Top of Raw data

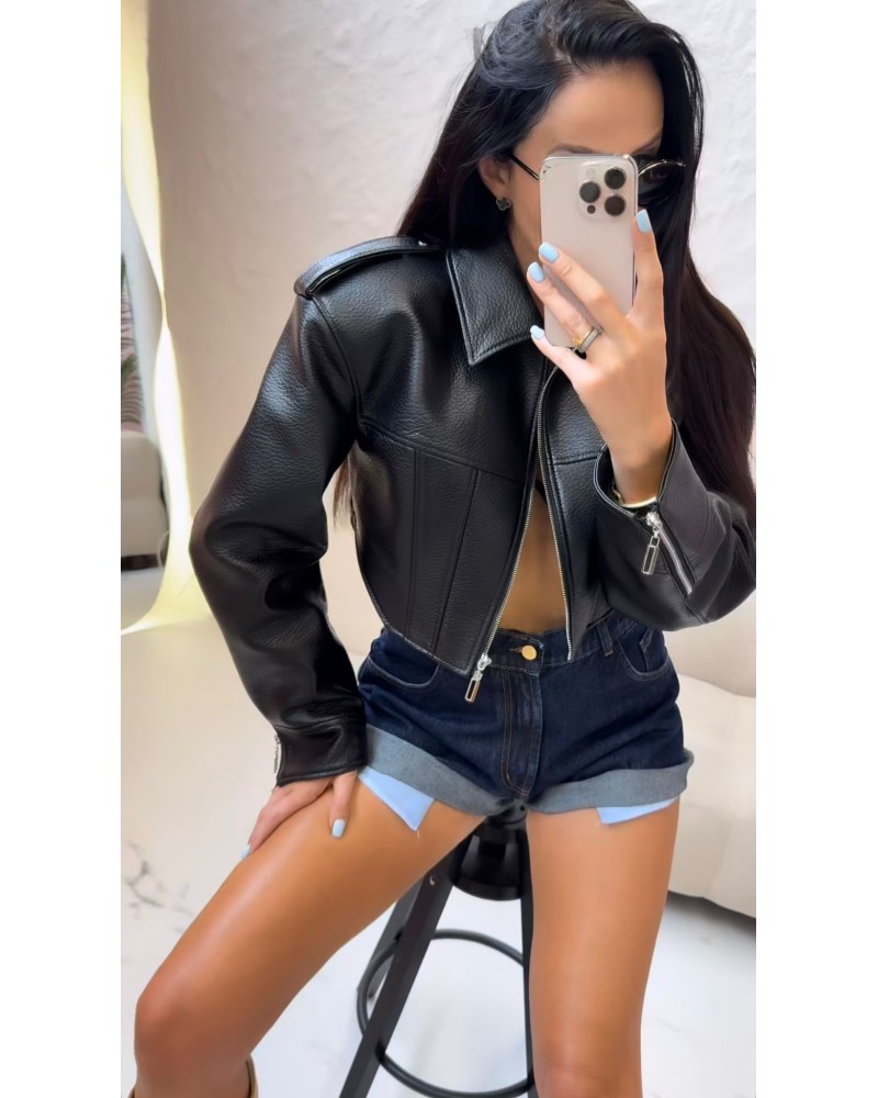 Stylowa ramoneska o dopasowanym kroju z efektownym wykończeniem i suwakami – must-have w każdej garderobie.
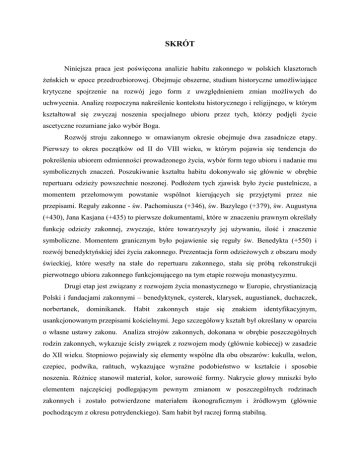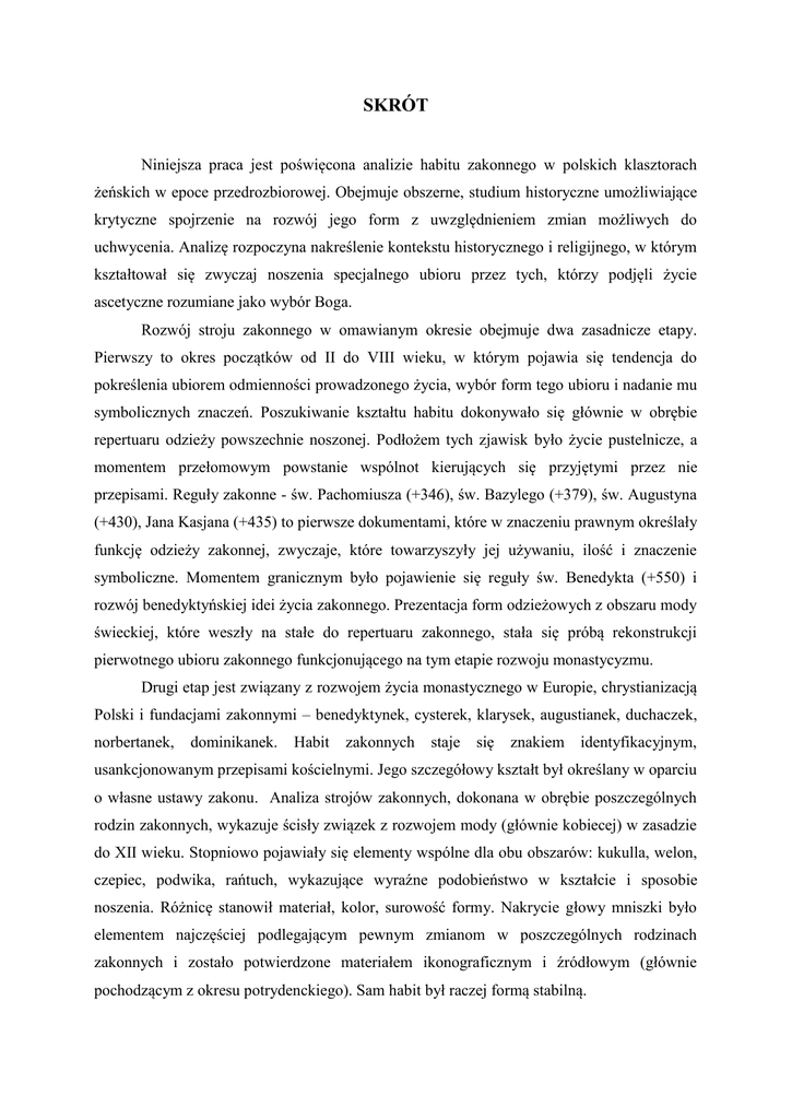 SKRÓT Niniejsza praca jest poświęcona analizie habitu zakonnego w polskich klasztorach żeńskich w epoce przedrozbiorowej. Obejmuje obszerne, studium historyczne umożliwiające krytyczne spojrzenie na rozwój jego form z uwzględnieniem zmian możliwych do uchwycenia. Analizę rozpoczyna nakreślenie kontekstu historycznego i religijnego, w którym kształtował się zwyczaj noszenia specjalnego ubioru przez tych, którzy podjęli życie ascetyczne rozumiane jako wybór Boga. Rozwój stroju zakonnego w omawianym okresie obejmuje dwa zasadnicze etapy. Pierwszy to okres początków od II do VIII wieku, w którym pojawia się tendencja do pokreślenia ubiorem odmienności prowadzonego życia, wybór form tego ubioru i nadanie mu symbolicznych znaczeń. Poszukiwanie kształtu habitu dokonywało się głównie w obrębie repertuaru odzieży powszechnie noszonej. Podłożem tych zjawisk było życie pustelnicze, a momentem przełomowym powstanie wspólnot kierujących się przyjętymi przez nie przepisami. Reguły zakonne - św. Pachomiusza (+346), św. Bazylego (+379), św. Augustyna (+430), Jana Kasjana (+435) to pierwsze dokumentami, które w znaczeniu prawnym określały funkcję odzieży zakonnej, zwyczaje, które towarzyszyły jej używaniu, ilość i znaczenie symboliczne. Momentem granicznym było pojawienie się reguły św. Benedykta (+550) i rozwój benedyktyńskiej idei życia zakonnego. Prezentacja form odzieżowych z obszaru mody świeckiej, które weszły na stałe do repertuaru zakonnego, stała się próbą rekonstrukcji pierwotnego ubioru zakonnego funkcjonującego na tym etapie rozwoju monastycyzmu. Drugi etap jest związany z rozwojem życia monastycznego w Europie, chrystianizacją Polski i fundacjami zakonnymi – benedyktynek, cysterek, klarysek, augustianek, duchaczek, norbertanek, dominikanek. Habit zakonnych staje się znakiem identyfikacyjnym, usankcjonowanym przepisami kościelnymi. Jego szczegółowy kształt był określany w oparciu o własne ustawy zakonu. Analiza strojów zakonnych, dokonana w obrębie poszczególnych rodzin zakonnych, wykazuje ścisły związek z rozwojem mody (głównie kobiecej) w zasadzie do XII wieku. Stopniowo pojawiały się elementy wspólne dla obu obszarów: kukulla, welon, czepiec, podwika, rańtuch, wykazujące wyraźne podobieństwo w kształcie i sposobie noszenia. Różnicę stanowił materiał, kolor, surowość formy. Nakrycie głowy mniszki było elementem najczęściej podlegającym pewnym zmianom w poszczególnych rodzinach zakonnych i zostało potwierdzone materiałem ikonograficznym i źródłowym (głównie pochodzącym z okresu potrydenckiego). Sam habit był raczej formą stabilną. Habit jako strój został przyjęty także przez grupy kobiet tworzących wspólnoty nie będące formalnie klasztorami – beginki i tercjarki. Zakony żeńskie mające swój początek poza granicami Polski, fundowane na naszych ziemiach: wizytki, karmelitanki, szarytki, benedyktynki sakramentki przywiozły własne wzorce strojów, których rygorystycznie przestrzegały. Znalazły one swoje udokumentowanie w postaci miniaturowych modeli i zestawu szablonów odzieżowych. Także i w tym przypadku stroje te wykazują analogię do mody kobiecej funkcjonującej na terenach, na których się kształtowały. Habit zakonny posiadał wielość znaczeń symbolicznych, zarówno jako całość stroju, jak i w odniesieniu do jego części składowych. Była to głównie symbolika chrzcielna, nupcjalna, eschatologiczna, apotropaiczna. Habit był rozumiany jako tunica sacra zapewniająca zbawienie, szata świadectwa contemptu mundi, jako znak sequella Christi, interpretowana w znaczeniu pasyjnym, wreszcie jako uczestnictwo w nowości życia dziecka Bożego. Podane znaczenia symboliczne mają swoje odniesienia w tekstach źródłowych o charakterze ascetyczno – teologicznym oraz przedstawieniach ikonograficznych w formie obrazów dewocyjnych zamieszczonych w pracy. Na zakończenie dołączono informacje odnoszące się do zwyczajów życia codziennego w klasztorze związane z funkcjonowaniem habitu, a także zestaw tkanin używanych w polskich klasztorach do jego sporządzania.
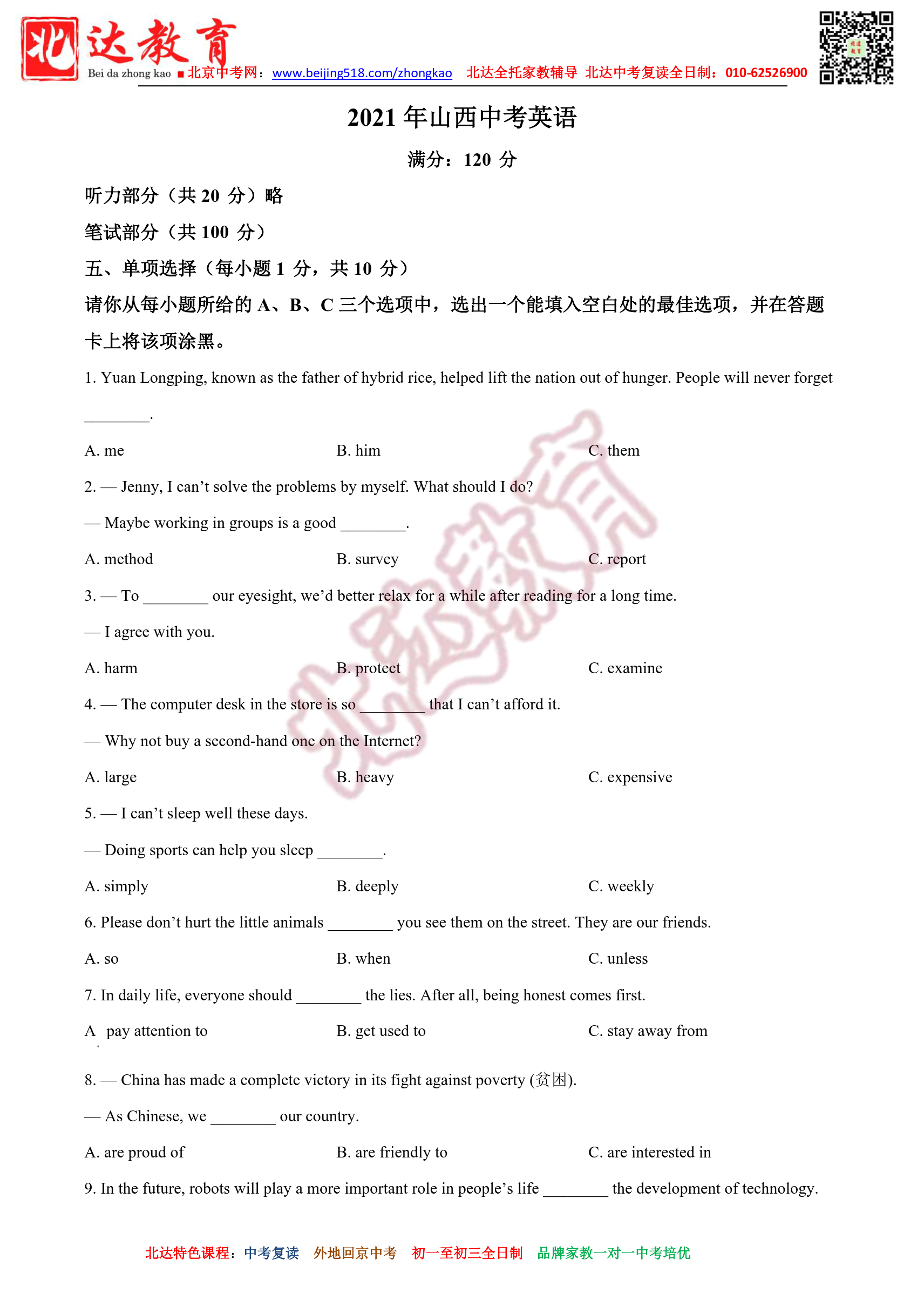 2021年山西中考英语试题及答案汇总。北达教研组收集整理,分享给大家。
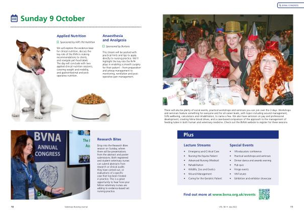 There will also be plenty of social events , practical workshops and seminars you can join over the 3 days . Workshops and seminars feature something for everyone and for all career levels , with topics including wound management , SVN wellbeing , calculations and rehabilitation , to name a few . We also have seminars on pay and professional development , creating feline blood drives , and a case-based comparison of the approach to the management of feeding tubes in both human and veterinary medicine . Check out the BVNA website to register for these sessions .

Bottom of Raw data

Exercise aim. Print out all the material word for word but exclude any images.

Response to this exercise.
 Stylowa ramoneska o dopasowanym kroju z efektownym wykończeniem i suwakami – must-have w każdej garderobie.
 SKRÓT Niniejsza praca jest poświęcona analizie habitu zakonnego w polskich klasztorach żeńskich w epoce przedrozbiorowej. Obejmuje obszerne, studium historyczne umożliwiające krytyczne spojrzenie na rozwój jego form z uwzględnieniem zmian możliwych do uchwycenia. Analizę rozpoczyna nakreślenie kontekstu historycznego i religijnego, w którym kształtował się zwyczaj noszenia specjalnego ubioru przez tych, którzy podjęli życie ascetyczne rozumiane jako wybór Boga. Rozwój stroju zakonnego w omawianym okresie obejmuje dwa zasadnicze etapy. Pierwszy to okres początków od II do VIII wieku, w którym pojawia się tendencja do pokreślenia ubiorem odmienności prowadzonego życia, wybór form tego ubioru i nadanie mu symbolicznych znaczeń. Poszukiwanie kształtu habitu dokonywało się głównie w obrębie repertuaru odzieży powszechnie noszonej. Podłożem tych zjawisk było życie pustelnicze, a momentem przełomowym powstanie wspólnot kierujących się przyjętymi przez nie przepisami. Reguły zakonne - św. Pachomiusza (+346), św. Bazylego (+379), św. Augustyna (+430), Jana Kasjana (+435) to pierwsze dokumentami, które w znaczeniu prawnym określały funkcję odzieży zakonnej, zwyczaje, które towarzyszyły jej używaniu, ilość i znaczenie symboliczne. Momentem granicznym było pojawienie się reguły św. Benedykta (+550) i rozwój benedyktyńskiej idei życia zakonnego. Prezentacja form odzieżowych z obszaru mody świeckiej, które weszły na stałe do repertuaru zakonnego, stała się próbą rekonstrukcji pierwotnego ubioru zakonnego funkcjonującego na tym etapie rozwoju monastycyzmu. Drugi etap jest związany z rozwojem życia monastycznego w Europie, chrystianizacją Polski i fundacjami zakonnymi – benedyktynek, cysterek, klarysek, augustianek, duchaczek, norbertanek, dominikanek. Habit zakonnych staje się znakiem identyfikacyjnym, usankcjonowanym przepisami kościelnymi. Jego szczegółowy kształt był określany w oparciu o własne ustawy zakonu. Analiza strojów zakonnych, dokonana w obrębie poszczególnych rodzin zakonnych, wykazuje ścisły związek z rozwojem mody (głównie kobiecej) w zasadzie do XII wieku. Stopniowo pojawiały się elementy wspólne dla obu obszarów: kukulla, welon, czepiec, podwika, rańtuch, wykazujące wyraźne podobieństwo w kształcie i sposobie noszenia. Różnicę stanowił materiał, kolor, surowość formy. Nakrycie głowy mniszki było elementem najczęściej podlegającym pewnym zmianom w poszczególnych rodzinach zakonnych i zostało potwierdzone materiałem ikonograficznym i źródłowym (głównie pochodzącym z okresu potrydenckiego). Sam habit był raczej formą stabilną. Habit jako strój został przyjęty także przez grupy kobiet tworzących wspólnoty nie będące formalnie klasztorami – beginki i tercjarki. Zakony żeńskie mające swój początek poza granicami Polski, fundowane na naszych ziemiach: wizytki, karmelitanki, szarytki, benedyktynki sakramentki przywiozły własne wzorce strojów, których rygorystycznie przestrzegały. Znalazły one swoje udokumentowanie w postaci miniaturowych modeli i zestawu szablonów odzieżowych. Także i w tym przypadku stroje te wykazują analogię do mody kobiecej funkcjonującej na terenach, na których się kształtowały. Habit zakonny posiadał wielość znaczeń symbolicznych, zarówno jako całość stroju, jak i w odniesieniu do jego części składowych. Była to głównie symbolika chrzcielna, nupcjalna, eschatologiczna, apotropaiczna. Habit był rozumiany jako tunica sacra zapewniająca zbawienie, szata świadectwa contemptu mundi, jako znak sequella Christi, interpretowana w znaczeniu pasyjnym, wreszcie jako uczestnictwo w nowości życia dziecka Bożego. Podane znaczenia symboliczne mają swoje odniesienia w tekstach źródłowych o charakterze ascetyczno – teologicznym oraz przedstawieniach ikonograficznych w formie obrazów dewocyjnych zamieszczonych w pracy. Na zakończenie dołączono informacje odnoszące się do zwyczajów życia codziennego w klasztorze związane z funkcjonowaniem habitu, a także zestaw tkanin używanych w polskich klasztorach do jego sporządzania.
 2021年山西中考英语试题及答案汇总。北达教研组收集整理,分享给大家。
 There will also be plenty of social events , practical workshops and seminars you can join over the 3 days . Workshops and seminars feature something for everyone and for all career levels , with topics including wound management , SVN wellbeing , calculations and rehabilitation , to name a few . We also have seminars on pay and professional development , creating feline blood drives , and a case-based comparison of the approach to the management of feeding tubes in both human and veterinary medicine . Check out the BVNA website to register for these sessions .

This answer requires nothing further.